In the variable gain amplifier shown in FIG. 1, a differential amplifier 1 is so configured that transistors T1 and T2 constitute a first differential pair, the absorption current of which is caused to flow to the drain of a transistor T5. Also, a differential amplifier 2 is so configured that a transistor T3 having a source resistance Rs1 connected to its source, and a transistor T4 having a source resistance Rs2 connected to its source constitute a second differential pair, the absorption current of which is caused to flow to the drain of a transistor T6. In order to connect the inputs and outputs of the differential amplifiers 1 and 2 in parallel, the positive inputs thereof (the gates of the transistors T1 and T3) and the negative inputs thereof (the gates of the transistors T2 and T4) are respectively connected to each other (whereby the differential amplifiers 1 and 2 receive the same differential inputs). Further, the positive-phase current outputs of the differential amplifiers 1 and 2 (the drains of the transistors T1 and T3) and the negative-phase current outputs thereof (the drains of the transistors T2 and T4) are respectively connected to each other (whereby the differential output currents of the differential amplifiers 1 and 2 are added up). The sum of the positive-phase output currents of the differential amplifiers 1 and 2 is caused to flow through a load resistance RL1 one end of which is connected to a supply voltage VDD, thereby to be converted into a negative-phase output voltage Vo−, while the sum of the negative-phase output currents thereof is caused to flow through a load resistance RL2 one end of which is connected to the supply voltage VDD, thereby to be converted into a positive-phase output voltage Vo+.
The absorption current transistor T5 of the differential amplifier 1 and that T6 of the differential amplifier 2 have their sources connected to each other, and further to a constant current circuit Is being an absorption current circuit, whereby a third differential amplifier is configured.
In the above construction, Is×M (where M denotes a value “0” to “1”) which is part of the constant current Is of the constant current circuit Is flows through the transistor T5, while Is (1−M) which is the remaining part of the constant current Is flows through the transistor T6. The allocation ratio M can be changed at will by a gain-control differential voltage Vgc which is applied across the inputs of the third differential amplifier (across the gates of the transistors T5 and T6).
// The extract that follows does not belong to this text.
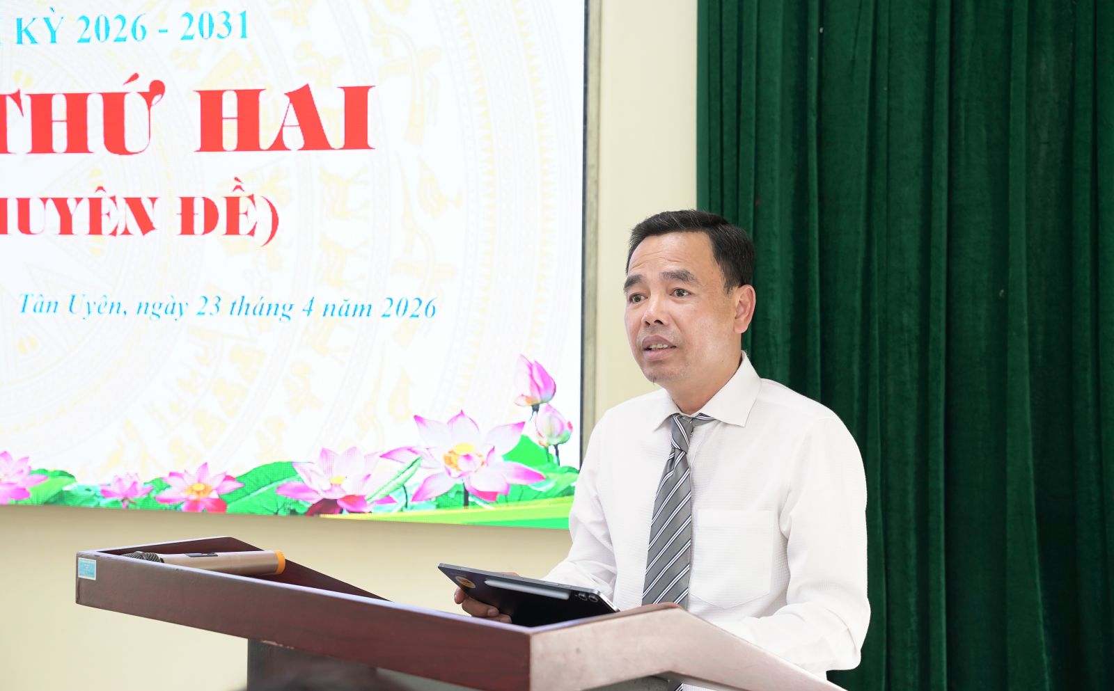 Chiều ngày 23/4, HĐND xã Tân Uyên khoá II, nhiệm kỳ 2026-2031 tổ chức kỳ họp thứ hai (kỳ họp chuyên đề). Đồng chí nguyễn Minh Hiệu - Ủy viên BCH Đảng bộ tỉnh, Bí thư Đảng ủy, Chủ tịch HĐND xã; đồng chí Trương Thị Huế - Ủy viên BTV Đảng ủy, Phó Chủ tịch HĐND xã dự chủ trì kỳ họp. Tham dự kỳ họp có đồng chí Lò Văn Học – Phó Bí thư Thường trực Đảng ủy; đồng chí Chu Văn Thanh – Phó Bí thư, Chủ tịch UBND xã; lãnh đạo UBND – UBMTTQVN xã; các ban, ngành, đoàn thể chính trị xã hội xã; Đại biểu HĐND xã khóa II, nhiệm kỳ 2026-2031.

Besides, in the above construction, the transfer conductance Gm1 of the differential amplifier 1 is determined by the absorption current flowing through the first differential pair. The transfer conductance Gm2 of the differential amplifier 2 is determined by the absorption current flowing through the second differential pair, and the source resistances Rs1 and Rs2. A gain which is attained from a differential input (the difference between the input voltages Vi+ and Vi−) to a differential output (the difference between the output voltages Vo+ and Vo−), is determined by a composite conductance Gm (=Gm1+Gm2) and the load resistances RL1 and RL2.
Letting I1 and I2 denote the currents which flow through the transistors T5 and T6, respectively, Gm(I1) denote the transfer conductance of the transistors T1 and T2 as is determined by the current I1, and Gm(I2) denote the transfer conductance of the transistors T3 and T4 as is determined by the current I2, the following relations hold:Is=I1+I2(I1=Is×M, I2=Is(1−M), 0<M<1)Gm1=Gm(I1)/2Gm2=1/(Rs1+Rs2+(2/Gm(I2)))Accordingly, the transfer conductances Gm1 and Gm2 are appropriately changed by controlling the current allocation ratio M stated above, whereby the maximum gain can be attained when the constant current Is has flowed through the differential amplifier 1 (at M≅1), and the minimum gain when the constant current Is has flowed through the differential amplifier 2 (at M≅0). That is, the allocation ratio M between the currents to flow through the differential amplifiers 1 and 2 is controlled by the gain-control differential voltage Vgc, whereby the variable gain amplifier capable of attaining any desired gain between the maximum gain and the minimum gain can be realized.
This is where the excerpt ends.